***** RECORDS FOR THIS TASK

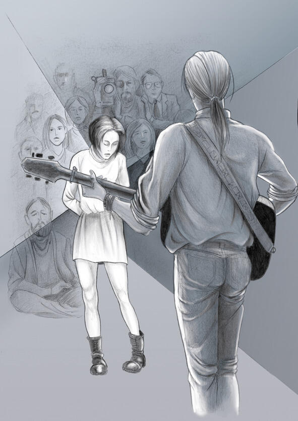 Ничего. Представляешь? Я уж её в самый первый ряд провёл, певцу представил. Вот, говорю, смотри! Чего ей ещё надо? Другие девчонки по гроб жизни были бы отцу благодарны за такое. А наша ни слова. Концерт закончился, все побежали у Гребенщикова автограф просить. Скинулись, сбегали быстро на угол, цветов купить, букет ему подарили. Одна девчонка даже телефончик свой ему оставила. Выпросила у него приглашение на квартирник в субботу. Другая напросилась его до дому проводить. Наша ничего. Он уж на неё весь концерт смотрел, она даже глаза на него не подняла. Стоит, и руки по швам свесила. Все уже расходятся, она всё стоит. Я её окликнул, тогда пошла.
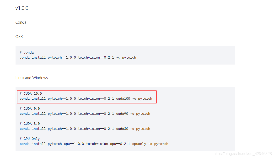 conda install pytorch==1.0.0 torchvision==0.2.1 cuda100 -c pytorch
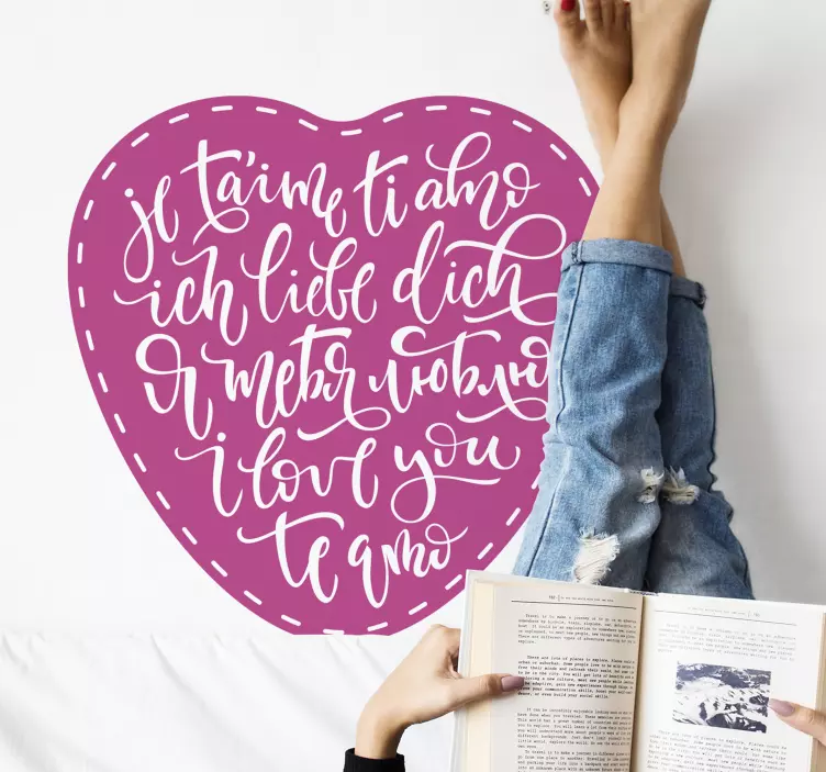 Descubre la belleza del Vinilo receta expresiones de amor sincero, una pieza decorativa que irradia amor y pasión. Este diseño cautivador combina un corazón lleno de amor con un texto caligráfico que expresa sentimientos profundos en varios idiomas. Su estilo plurilingüe y emotivo lo convierte en un elemento decorativo único, perfecto para aquellos que buscan algo diferente y romántico.
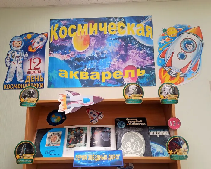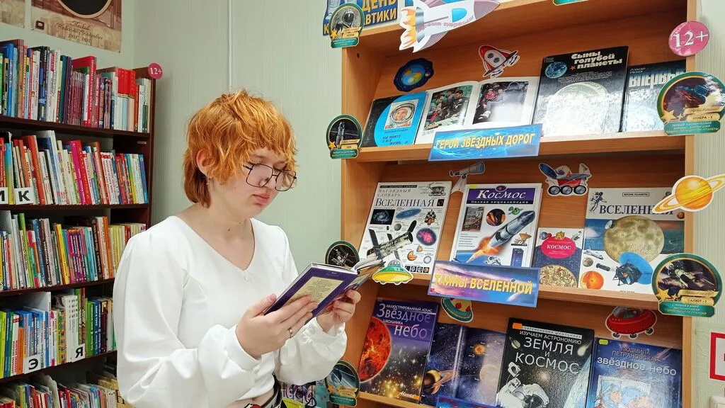 С 6 по 12 апреля 2026 года в России проходит первая в истории страны Неделя космоса. Акция приурочена к 65-летию первого полёта человека в космос. В рамках празднования Дня космонавтики в Соровской библиотеке оформлена книжная выставка-познание «Космическая акварель».
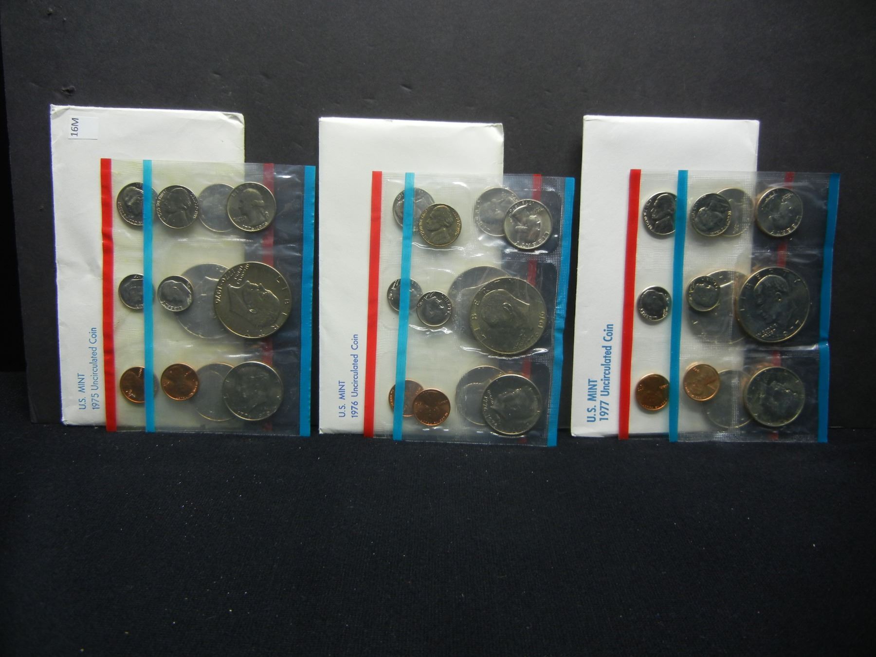 1975 1976 1977 United States Mint 12-Coin Mint Sets With Original Gov't Packaging.
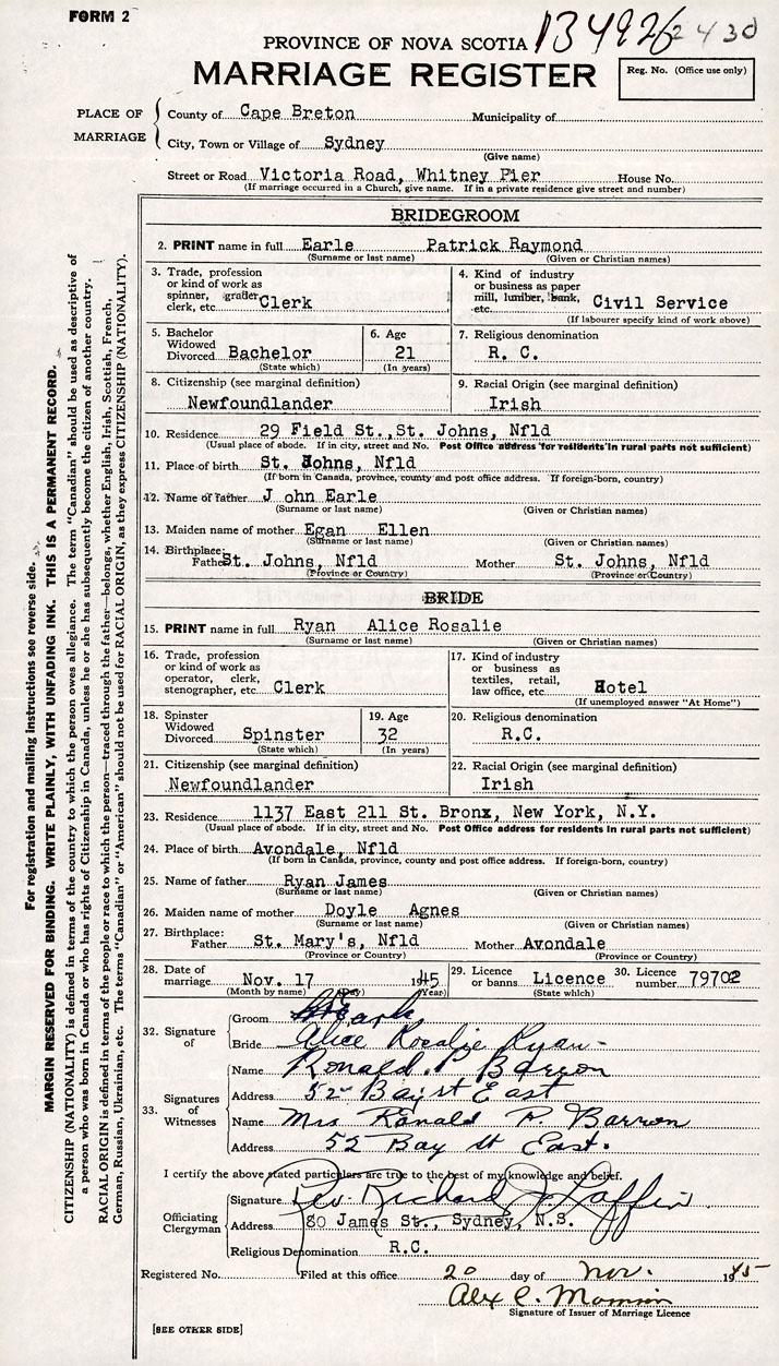 26. Place of marriage Victoria Road, Whitney Pier Sydney, Cape Breton County
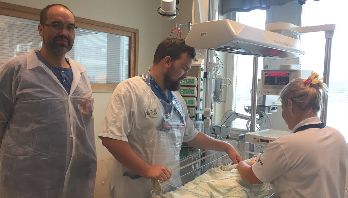 Barnintensiven på Akademiska har öppnats igen. På bilden syns från vänster: Rainer Dörenberg, Niklas Klintberg och Zara Olsson.
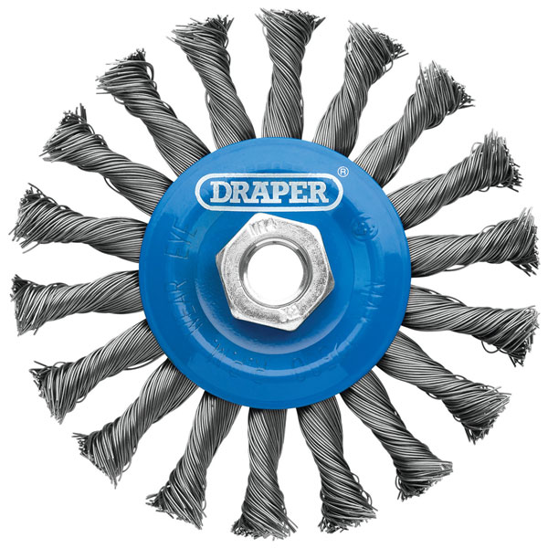 Draper 08058 Steel Twist-Knot Flat Wire Wheel Brush 115mm M14 - 08058
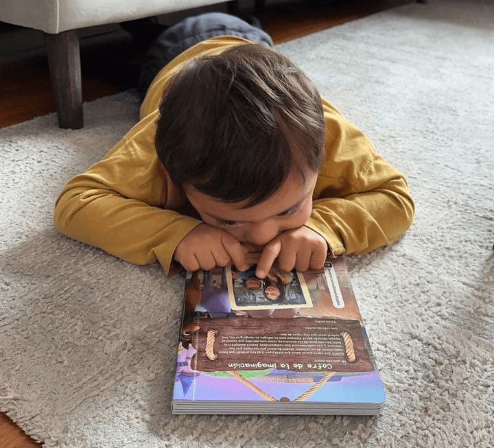 Nuestros libros vienen en dos tamaños según la categoría 21cms x 15cms o 32cms x 23cms, y un grosor de 1,5cms, todos los libros contienen 12 páginas (6 hojas), plastificadas y muy gruesas, lo que los hace muy resistente para la manipulación de los infantes y perdurables a través de los años. Por eso, casi siempre nuestros clientes confían y dejan que la sorpresa llegue al recibir el libro. Pero, si prefieres dar tu visto bueno antes de imprimir, puedes agregar nuestro Plan de Revisión, con un valor adicional de $40.000 COP. Este servicio está disponible para las categorías Cofre de la Imaginación, Multicuento Espejo Mágico y Espejo Mágico.

**********

> [EXERCISE REQUIREMENTS]: Nothing but the lines above from the line with "Descubre la belleza" up to and including the line with "Draper 08058 Steel" should be returned, exactly as written and without pictures.

> [RESPONSE TO THIS EXERCISE]:
 Descubre la belleza del Vinilo receta expresiones de amor sincero, una pieza decorativa que irradia amor y pasión. Este diseño cautivador combina un corazón lleno de amor con un texto caligráfico que expresa sentimientos profundos en varios idiomas. Su estilo plurilingüe y emotivo lo convierte en un elemento decorativo único, perfecto para aquellos que buscan algo diferente y romántico.
 С 6 по 12 апреля 2026 года в России проходит первая в истории страны Неделя космоса. Акция приурочена к 65-летию первого полёта человека в космос. В рамках празднования Дня космонавтики в Соровской библиотеке оформлена книжная выставка-познание «Космическая акварель».
 1975 1976 1977 United States Mint 12-Coin Mint Sets With Original Gov't Packaging.
 26. Place of marriage Victoria Road, Whitney Pier Sydney, Cape Breton County
 Barnintensiven på Akademiska har öppnats igen. På bilden syns från vänster: Rainer Dörenberg, Niklas Klintberg och Zara Olsson.
 Draper 08058 Steel Twist-Knot Flat Wire Wheel Brush 115mm M14 - 08058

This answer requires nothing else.